BlueNext, home to some 93 percent of spot trading of emission allowances and offset credits in Europe, is mostly owned by the New York Stock Exchange. And though the information and database sharing agreement should immediately have an impact on European trading, the two companies seem more interested in what it could do to tie the United States and China together in a post-Kyoto Protocol carbon market architecture.

China sells CERs, Europe buys

"NYSE's BlueNext, as an American-European company, is ideally placed to open up access to the largest buyers of CDM projects and CERs in the European and American markets," CBEEX said in a release. To date, more than 44 percent of all Certified Emission Reductions have been generated from greenhouse gas abatement projects in China, with most being sold into Europe's compulsory carbon market.

BlueNext's own public relations team also emphasized the potential for a "Chinese-U.S. exchange providing daily trades covering over 63 per cent of the $2.2 billion global market for carbon offsets," ahead of what the deal means for the European Union's Emission Trading Scheme.

Still, BlueNext marketing director Keiron Allen cautioned against viewing the new agreement with Chinese emission traders as a move in advance of U.S. federal cap-and-trade legislation.

"This should not be looked at as a strategic move ahead of a federal cap-and-trade bill, but a strategic move that will, in the future, create a strong backbone of trade between the three largest carbon emission centers: the U.S., China and Europe," Allen explained. "NYSE's BlueNext is well-placed to create the most liquid international trading system for this, as a result."

Though Chinese officials refuse to accept binding limitations on greenhouse gas emissions, they have demonstrated interest in building a carbon market in China, primarily based on trading in CDM credits. China doesn't have the regulatory system in place to handle large-volume emissions trading, nor is an exchange even necessary to trade CERs in the People's Republic, but BlueNext views this venture as laying the groundwork for when that time comes.

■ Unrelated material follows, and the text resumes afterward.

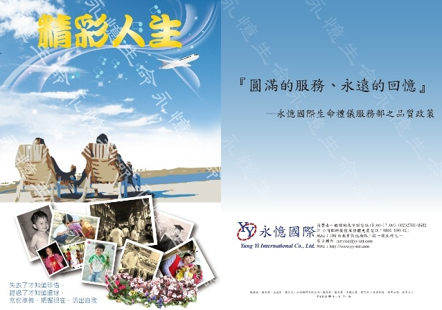 手冊中同時包括對肉體人生最後一階段(告別式及遺體處理等)規劃的想法,還有當往生後遺族家人們所需面對的一些相關現實問題及注意事項的列表,例如-遺產、須向政府辦理事項及各種保險所提供各項親族死亡的補助等。最後提及永憶國際生命禮儀服務部的服務流程簡介,並附上永憶部分殯葬服務項目及價格的參考資料,讓您藉由此手冊,對永憶的專業服務能有所了解。
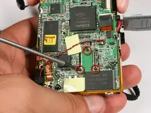 Воспользуйтесь отвёрткой Phillips #00, чтобы вывернуть и снять три (3 мм) винта, показанных на задней стороне логической платы.

"If we look at it in a very simple way, there is a natural barrier for the facilitation of CER trading between China and the U.S. -- the time difference," Allen said. "BlueNext can help bridge this, as we sit in the middle, at the center of Europe."

A scramble for tomorrow's trade actions

Yesterday's move represents the latest in a string of increasingly competitive actions by a variety of commodities exchanges, including BlueNext, the Chicago Climate Exchange, CME Group, and Worcester, Mass.-based World Energy Solutions, to stake a claim to the burgeoning world of greenhouse gas trading. Experts believe a U.S. cap-and-trade system will likely become the world's largest carbon market, possibly dwarfing even Europe's robust emissions trading system.

CME Group -- owner of NYMEX and the Chicago Board of Trade -- announced yesterday that it will introduce next week four new futures and options contracts for E.U. allowances, the world's most heavily traded carbon allowances, and CERs. The contracts will be listed for trading under the Green Exchange venture, which was set up by NYMEX officials just prior to its acquisition by CME Group.

The Chicago Climate Exchange (CCX), viewed by many as a pioneer in the U.S. carbon market, already has an affiliation with China's Tianjin Climate Exchange and has set up joint ventures in Canada and Europe. On Tuesday, CCX announced new agreements with South Korean energy and commodity exchanges to lay the groundwork for a carbon market in that country.